In a sense, the Bible was incarnated in the culture of its day in the same way that Jesus was incarnated in the world and culture of His day.  An old document called (a bit misleadingly) “the Athanasian Creed” refers to the Incarnation of Jesus as accomplished “not by conversion of Godhead into flesh, but by taking of Manhood into God”.  This provides a kind of analogy for the written Word of God as well:  it also was accomplished by the taking up of human literature into God, so that it could be used for His divine purposes.  Just as Christ was 100% human, so is the Bible 100% human, bearing all the characteristics of a literature produced in the ancient Near East.  Viewing the Bible as magical represents therefore a kind of literary Docetism.

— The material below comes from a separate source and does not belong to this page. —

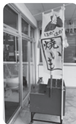
焼いも大会・じゃがバター大会
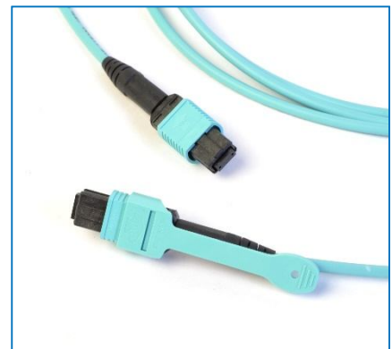
MPO Pull Tab

Christians are people of the Scriptures or “people of the Book”, as even Muhammad knew in the seventh century, for all his lack of any real understanding of Christianity or Judaism.  We see this in our icons.  Arguably the bishops are the Church’s main leaders and pastors, and when a bishop appears in an icon, he is usually carrying a book — i.e. the Gospel.  Both apologists and martyrs were forever quoting their Scriptures to outsiders, even if the disciplina arcana kept them from being too talkative about the Church’s inner traditions. 

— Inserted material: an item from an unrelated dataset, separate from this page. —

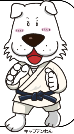
キャプテンわん (C)ゆず葉 (株)横浜体育協会
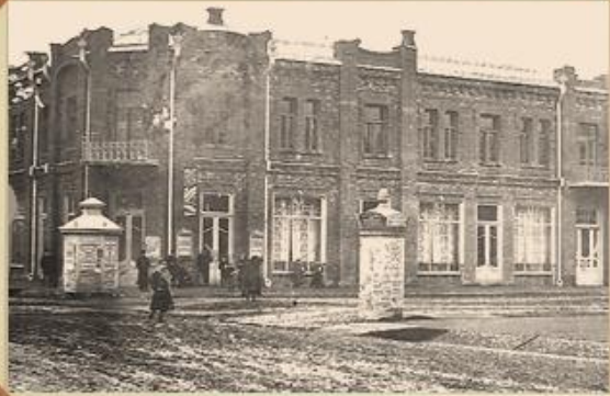
Торговый дом Каплановых

But the treasury of the Scriptures was a gift that came at the end of a long process of development taking centuries.  It is perhaps rather jarring to be reminded that when that process began—i.e. when God called Abraham out of Chaldea to begin his long adventurous exile of wandering—there were no Scriptures.  God spoke to Abraham, but He did not give him a written text.  Nor did Abraham write anything down.  Nor did his son Isaac, or his grandson Jacob.  Nor did his son, Joseph.  In fact, the early centuries of revelation all took place in a distinctly oral culture.  It is important to ask why this was and what it means.  Let us begin to find out.  In the process, I hope the Scriptures can be unveiled for us enough to see their true significance and their true use.

The Patriarchal Period


It is crucial for us to understand what it was that was revealed when we speak of “Revelation”.  As we see in the case of Abraham and the patriarchs, what was revealed was not “the Word of God” (in the sense of a text or even a verbal message), but God Himself.  Abram was not given a message so much as he was treated to an encounter.  In this encounter, of course, God spoke to him.  God did not just show him a map of Palestine, with the city of Hebron circled on it as a way of telling him to go there.  He spoke to him and sent him on his way, and continued to speak to him periodically after that.  There is a verbal component to most human encounters.  But the point remains that in Biblical revelation presence was primary, not message.  God would occasionally come to Abraham in an encounter to continue his relationship with him.  Sometimes the encounter involved giving directions (i.e. “leave Chaldea”), sometimes it involved giving promises (“I will make you the father of nations”), and sometimes it involved giving a test (“offer your son Isaac to Me as a human sacrifice”).  Sometimes it involved what we might characterize as casual conversation between two friends, as when God said to Himself, “Shall I hide from Abraham what I am about to do to Sodom and Gomorrah?”, followed by a bit of typical Near Eastern haggling about it after He shared with Abraham what He was planning to do.  But always the revelation consisted primarily of the gift of presence.  Abraham did not write down what God said, any more than we write down what our friends tell us in our ongoing relationships.  Abraham, after all, was called “the friend of God”, not the secretary of God.

Thus it was that during the patriarchal period and afterward, when Israel entered Egypt, they took with them no Scriptural records of their patriarchal history—just the oral traditions about them.  They had no writings, and they didn’t need any.  They were not the People of the Book, but the People of God.  However, a written record of their dealings with God would come soon enough.